Join a FeatureTable with another FeatureTable, it is wrapper of spark dataframe join

Parameters

table – FeatureTable
on – string, join on this column
how – string

Returns

FeatureTable

add_value_features(key_cols, tbl, key, value)[source]¶

Add features based on key_cols and another key value table, for each col in key_cols, it adds a value_col using key-value pairs from tbl

Parameters

key_cols – list[string]
tbl – Table with only two columns [key, value]
key – string, name of key column in tbl
value – string, name of value column in tbl

Returns

FeatureTable

group_by(columns=[], agg='count', join=False)[source]¶

Group the Table with specified columns and then run aggregation. Optionally join the result with the original Table.

Parameters

columns – str or a list of str. Columns to group the Table. If it is an empty list, aggregation is run directly without grouping. Default is [].
agg –
str, list or dict. Aggregate functions to be applied to grouped Table. Default is “count”. Supported aggregate functions are: “max”, “min”, “count”, “sum”, “avg”, “mean”, “sumDistinct”, “stddev”, “stddev_pop”, “variance”, “var_pop”, “skewness”, “kurtosis”, “collect_list”, “collect_set”, “approx_count_distinct”, “first”, “last”. If agg is a str, then agg is the aggregate function and the aggregation is performed on all columns that are not in columns. If agg is a list of str, then agg is a list of aggregate function and the aggregation is performed on all columns that are not in columns. If agg is a single dict mapping from str to str, then the key is the column to perform aggregation on, and the value is the aggregate function. If agg is a single dict mapping from str to list, then the key is the column to perform aggregation on, and the value is list of aggregate functions.
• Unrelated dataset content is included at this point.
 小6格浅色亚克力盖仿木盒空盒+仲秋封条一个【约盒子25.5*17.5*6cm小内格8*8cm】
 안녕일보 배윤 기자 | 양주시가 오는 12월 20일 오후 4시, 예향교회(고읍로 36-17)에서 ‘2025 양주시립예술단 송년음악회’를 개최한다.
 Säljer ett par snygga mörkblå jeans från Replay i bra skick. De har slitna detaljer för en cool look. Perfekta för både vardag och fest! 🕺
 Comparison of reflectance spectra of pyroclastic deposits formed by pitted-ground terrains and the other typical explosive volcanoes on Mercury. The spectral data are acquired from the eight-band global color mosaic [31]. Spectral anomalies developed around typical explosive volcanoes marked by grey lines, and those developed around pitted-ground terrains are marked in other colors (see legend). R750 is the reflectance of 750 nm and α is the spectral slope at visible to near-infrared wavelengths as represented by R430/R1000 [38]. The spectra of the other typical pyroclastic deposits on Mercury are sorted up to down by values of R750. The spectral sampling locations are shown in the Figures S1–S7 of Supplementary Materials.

Examples: agg=”sum” agg=[“last”, “stddev”] agg={“*”:”count”} agg={“col_1”:”sum”, “col_2”:[“count”, “mean”]}
join – boolean. If join is True, join the aggregation result with original Table.

Returns

A new Table with aggregated column fields.
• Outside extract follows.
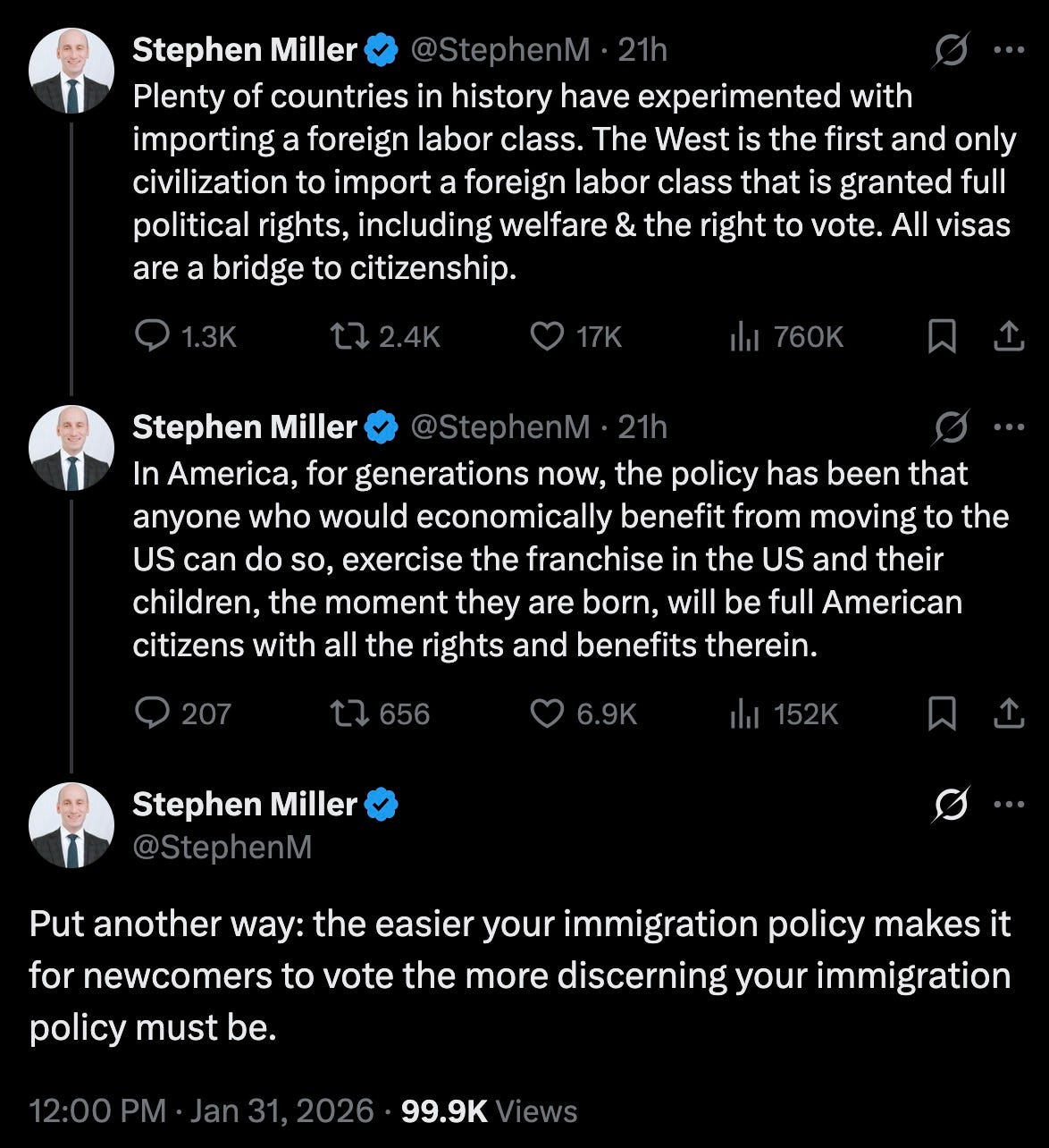 what Stephen Miller envisions here a second class of Americans — a ‘foreign labor class’ — who could live here and work here, but who would forever be excluded from enjoying the ‘rights and benefits’ of citizenship.

split(ratio, seed=None)[source]¶

Split the FeatureTable into multiple FeatureTables for train, validation and test.

Parameters

ratio – a list of portions as weights with which to split the FeatureTable. Weights will be normalized if they don’t sum up to 1.0.
seed – The seed for sampling.

Returns

A tuple of FeatureTables split by the given ratio.
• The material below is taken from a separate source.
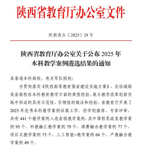 近日,陕西省教育厅发布了2025年省级本科教学案例名单。成人直播
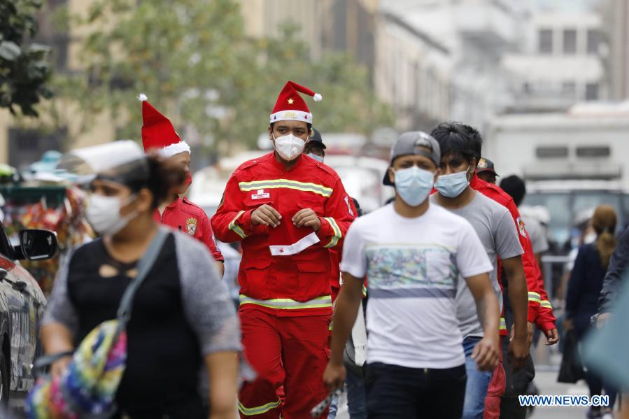 LIMA, 22 diciembre, 2020 (Xinhua) -- Bomberos portan gorros de Santa Claus mientras caminan por la zona comercial de Mesa Redonda, en Lima, Perú, el 22 de diciembre de 2020. (Xinhua/Mariana Bazo)

class zoo.friesian.feature.table.StringIndex(df, col_name)[source]¶

Bases: zoo.friesian.feature.table.Table

classmethod read_parquet(paths, col_name=None)[source]¶

Loads Parquet files as a StringIndex.

Parameters

paths – str or a list of str. The path/paths to Parquet file(s).
col_name – str. The column name of the corresponding categorical column. If col_name is None, the file name will be used as col_name.

Returns

A StringIndex.

classmethod from_dict(indices, col_name)[source]¶

Create the StringIndex from a dict of indices.

Parameters

indices – dict. The key is the categorical column, the value is the corresponding index. We assume that the key is a str and the value is a int.
col_name – str. The column name of the categorical column.

Returns

A StringIndex.

to_dict()[source]¶

Convert the StringIndex to a dict, with the categorical features as keys and indices as values. Note that you may only call this if the StringIndex is small.

Returns: A dict for the mapping from string to index.

write_parquet(path, mode='overwrite')[source]¶

Write the StringIndex to Parquet file.

Parameters

path – str. The path to the Parquet file. Note that the col_name will be used as basename of the Parquet file.
mode – str. One of “append”, “overwrite”, “error” or “ignore”. append: Append the contents of this StringIndex to the existing data. overwrite: Overwrite the existing data. error: Throw an exception if the data already exists. ignore: Silently ignore this operation if the data already exists.